EDIT: To clarify, not trying to say that something couldn’t grow faster than any previous startup. There could certainly be a ‘kink’ in the rate of progress, like you describe. I just want to emphasize that:
startups are not that jumpy, on the world scale
the actual scale of the world matters
A simple model for the discontinuousness of a field might have two parameters — one for the intrinsic lumpiness of available discoveries, and one for total effort going into discovery. And,
all else equal, more people means smoother progress — if we lived in a trillion person world, AI progress would be more continuous
it’s an open empirical question whether the actual values for these parameters will result in smooth or jumpy takeoff:
even if investment in AI is in the deca-trillions and a meaningful fraction of all world output, it could still be that the actual territory of available discoveries is so lumpy that progress is discontinuous
but, remember that reality has a surprising amount of detail, which I think tends to push things in a smoother direction — it means there are more fiddly details to work through, even when you have a unique insight or technological advantage
or, in other words, even if you have a random draw from a distribution that ends up being an outlier, actual progress in the real world will be the result of many different draws, which will tend to push things more toward the regime of normals
So, you’re saying: if we draw the boundary around a narrow field, we get jumpy/noisy progress.
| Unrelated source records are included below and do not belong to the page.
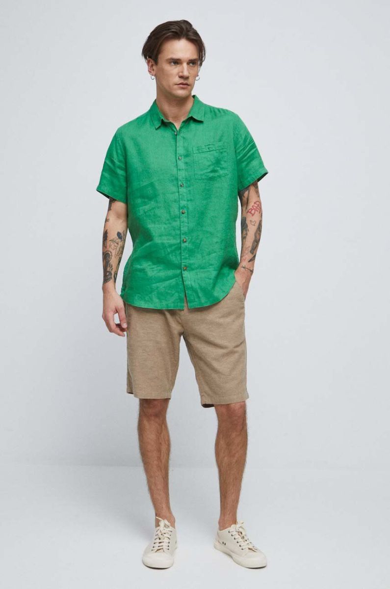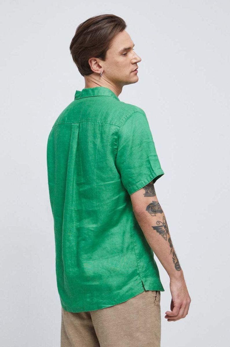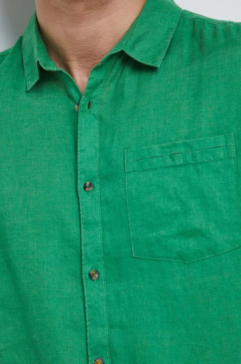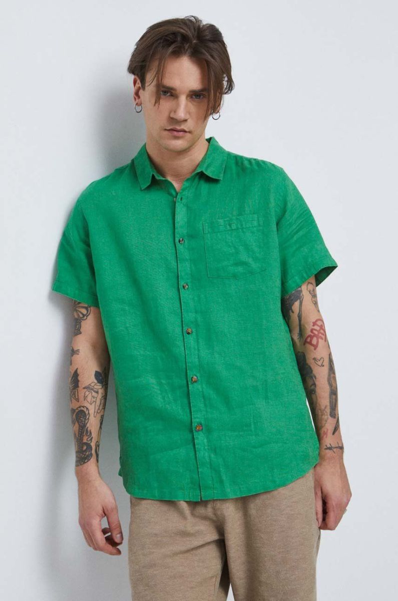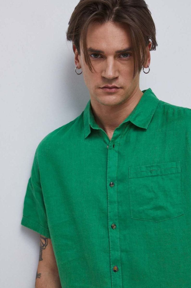 Сорочка з льону Medicine колір зелений regular класичний комір (3210049)
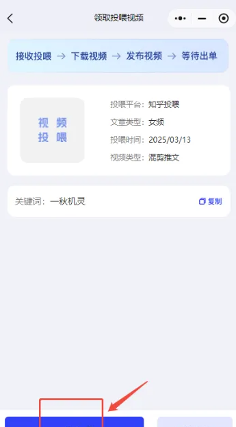 2、点击“ 投喂视频领取”。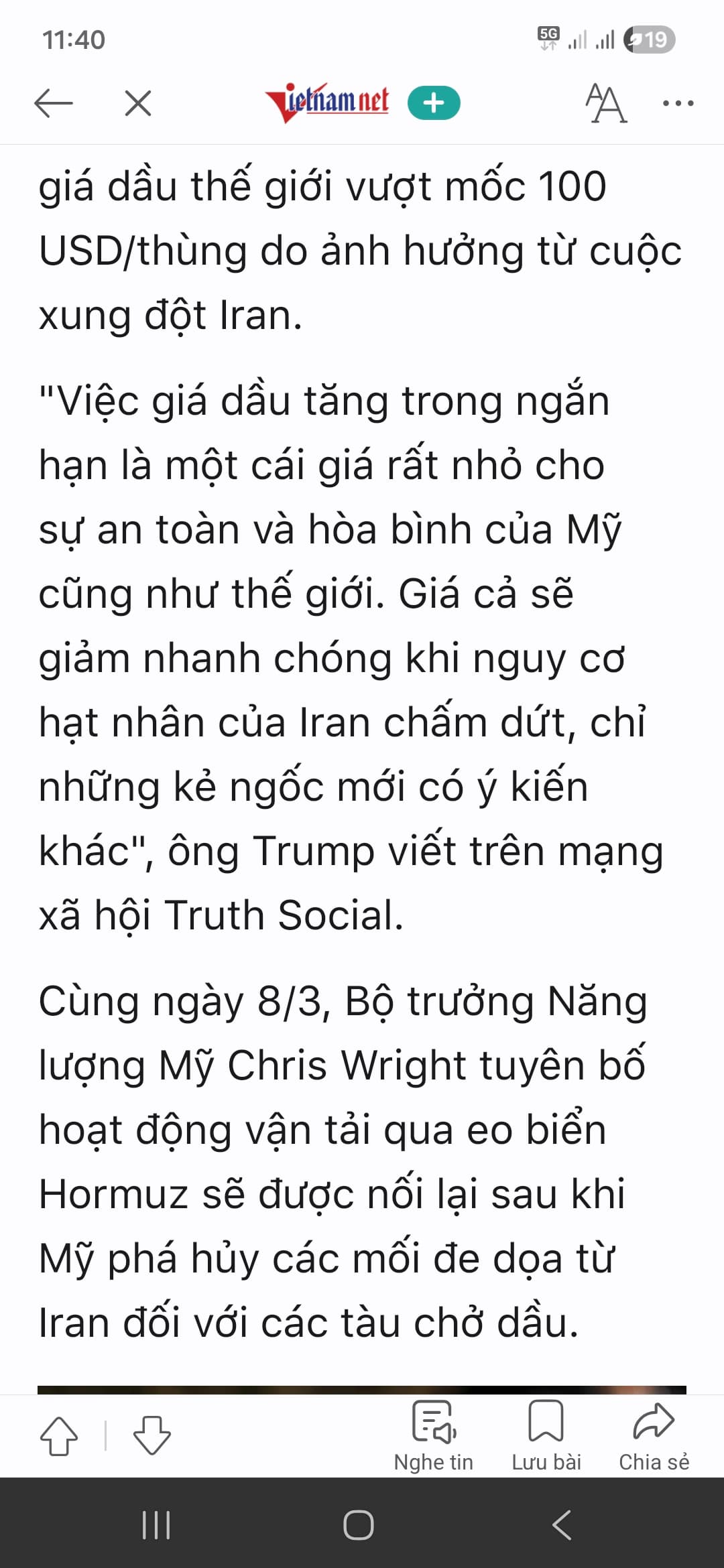 Chính vì vậy mà Trump nói cái giá của việc giá dầu tăng rất nhỏ nếu I răng sở hữu VKHN.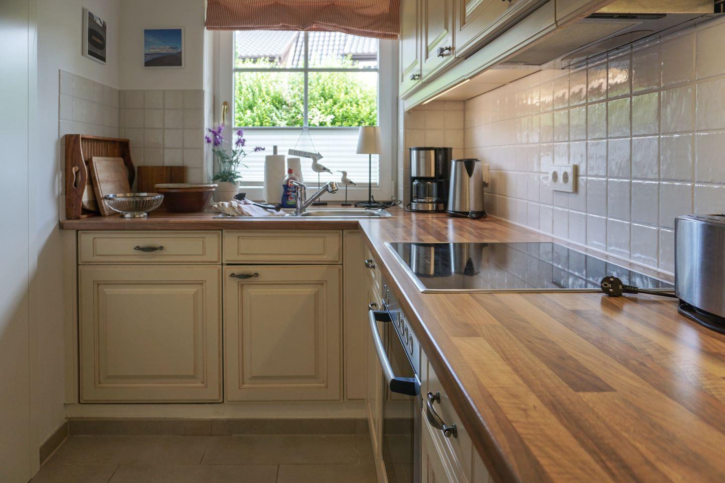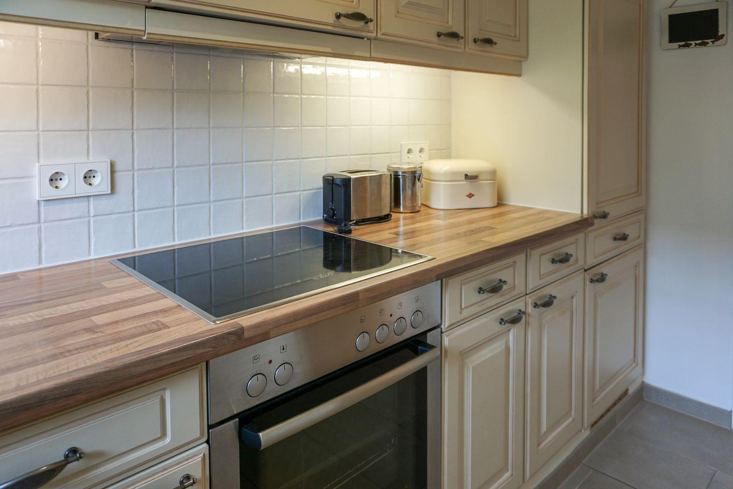 Die geräumige, separate Küche ist voll ausgestattet und lässt keine Wünsche offen: Ceranherd, Backofen, Kühlschrank mit integriertem Gefrierfach, Spülmaschine, Wasserkocher und Espressomaschine sind ebenso vorhanden wie Geschirr, Besteck und alle notwendigen Küchenutensilien für das gemeinsame Kocherlebnis. Der angrenzende Essbereich mit großem Esstisch schafft die passende Atmosphäre für gesellige Mahlzeiten.

If we the draw the boundary around a broad field, all the narrow subfields average out and the result is less noise. This makes a lot of sense, thank you!
The question is, what metric do we use to average the subfields. For example, on some metrics the Manhattan project might be a rather small jump in military-technology-averaged-over-subfields. But, its particular subfield had a rather outsized impact! In general, I think that “impactfulness” has a heavy-tailed distribution and therefore the “correct” averaging still leaves a fair amount of jumpiness.
Yeaaah, but like I said before, I am skeptical of giving so much weight to data from economics. Economics reflects a lot about people and about the world, but there are facts about physics/math it cannot possibly know about, so evidence from such facts cannot be meaningfully overturned with economic data.
Moreover, from certain angles singleton takeoff can look sort of like a “normal” type of economic story. In one case, person has an idea, does a lot of work, gets investments etc etc and after a decade there’s a trillion dollars. In the other case, person builds AI, the AI has some ideas, [stuff happens], after a decade nanobots kill everyone. As Daniel Kokotajlo argued, what’s actually important is when the point-of-no-return (PONR) is. And, the PONR might be substantially earlier than the analogue-of-trillion-dollars.
Would it? It’s clear that progress in AI would be faster, but why more continuous?
I think that the causation actually goes in the opposite direction. If a field has a lot of small potential improvements with substantial economic value, then a lot of people will work in the field because (i) you don’t need extremely intelligent people to make progress and (ii) it pays off. If a field has a small number of large improvements, then only a small number of people are able to contribute to it. So, a lot of people working on AI is evidence about the kind of progress happening today, but not strong evidence about the absence of significant kinks in the future.